Вороной рысак Анненкова понес их вдоль Мойки, казавшейся черной в осенней ночи.
В одной из женщин, встретивших их шумными восклицаниями и смехом, Трубецкой узнал Аглаю Давыдову. Другую, высокую, стройную, с лукавыми черными глазами и черными, по последней моде причесанными волосами, видел в первый раз.
— Моя… Pauline, — представил Анненков.
Что-то очень милое было в голосе француженки, когда она сказала:
— Друзья Ивана Александровича — мои друзья.
Трубецкой ответил ей любезностью и стал расспрашивать Аглаю о Каменке и всех многочисленных ее обитателях. Аглая отмахивалась:
— Ужасное место. Веселиться не умеют. Барышни до одурения зачитываются романами и декламируют стихи этого… — она покраснела, но все же докончила: — этого несносного Пушкина. А мужчины целые вечера — старые за зелеными столами, а молодые читают умные книжки и ведут ужасно таинственные разговоры. Впрочем, — оборвала она себя, — приедет муж, и он вам все, все расскажет. А теперь я помогу Pauline.„
Она выпорхнула в соседнюю комнату, и сейчас же оттуда донесся хохот и веселое канареечное щебетанье на французском языке.
Скоро приехал Александр Львович Давыдов с целой корзиной изысканных закусок и исполинским ананасом.
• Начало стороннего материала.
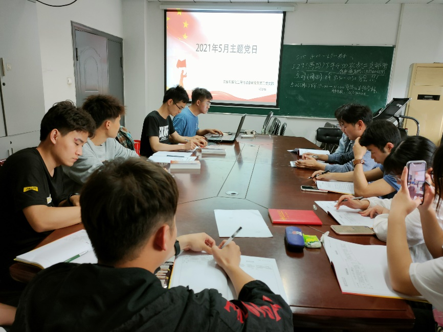 2021年5月27日,为深入学习贯彻习近平新时代中国特色社会主义思想,学党史、悟思想、办实事、开新局,以优异的成绩迎接中国共产党成立一百周年,农业机械化工程与装备研究生第二党支部在工程楼B201开展了党史专题学习暨“回顾百年历程 启程崭新未来”5月主题党日。会议由支部书记张帅主持。

На кухне денщик Анненкова рубил лед и клал его в серебряное ведерко для шампанского.
Александр Львович, засучив до пухлых, как у женщины, локтей рукава мундира и завесив салфеткой все ордена, украшающие его грудь, собственноручно приготовлял необыкновенный салат, чему его когда-то научил пленный наполеоновский генерал.
На вопросы Трубецкого он отвечал:
— Сейчас, князинька, дай только с этим омаром справиться.
Или:
— Погодите моментик, а то желток свернется — и весь соус погиб…
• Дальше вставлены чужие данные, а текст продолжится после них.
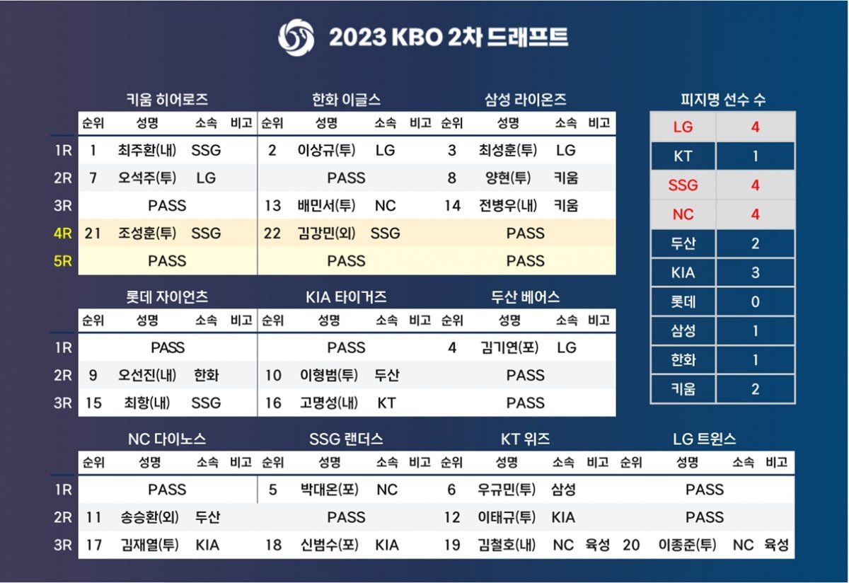 2011년 처음 도입됐던 KBO리그 2차 드래프트는 2019년까지 격년제로 5차례 진행된 뒤 2021년 10월 26일 KBO 이사회에서 퓨처스(2군) 프리에이전트(FA) 제도 시행을 승인함에 따라 폐지됐다. 그러나 퓨처스 FA를 통한 이적이 활발히 이뤄지지 않으면서 올해 7월 KBO 이사회가 2차 드래프트 부활을 결정했다. 23일 2019년 이후 4년 만에 2차 드래프트가 다시 열렸다.

Анненков и Давыдов хохотали, заставляя смеяться и Трубецкого.
Далеко за полночь князь Трубецкой медленно ехал по Невскому на сонном извозчике.
Навстречу промчалась запряженная тройкой коляска.
В высокой фигуре сидящего в ней военного с тускло белеющим во тьме плюмажем треуголки Трубецкой узнал царя.
Тройка пронеслась по пустынному Невскому и круто остановилась у ворот Александро-Невской лавры.
Царя встретил заранее предупрежденный о его приезде митрополит Серафим.
Монахи, как черные солдаты, стояли в две шеренги от ворот до церкви.
Ее двери были открыты настежь, и огни свечей в черноте ночи казались особенно яркими.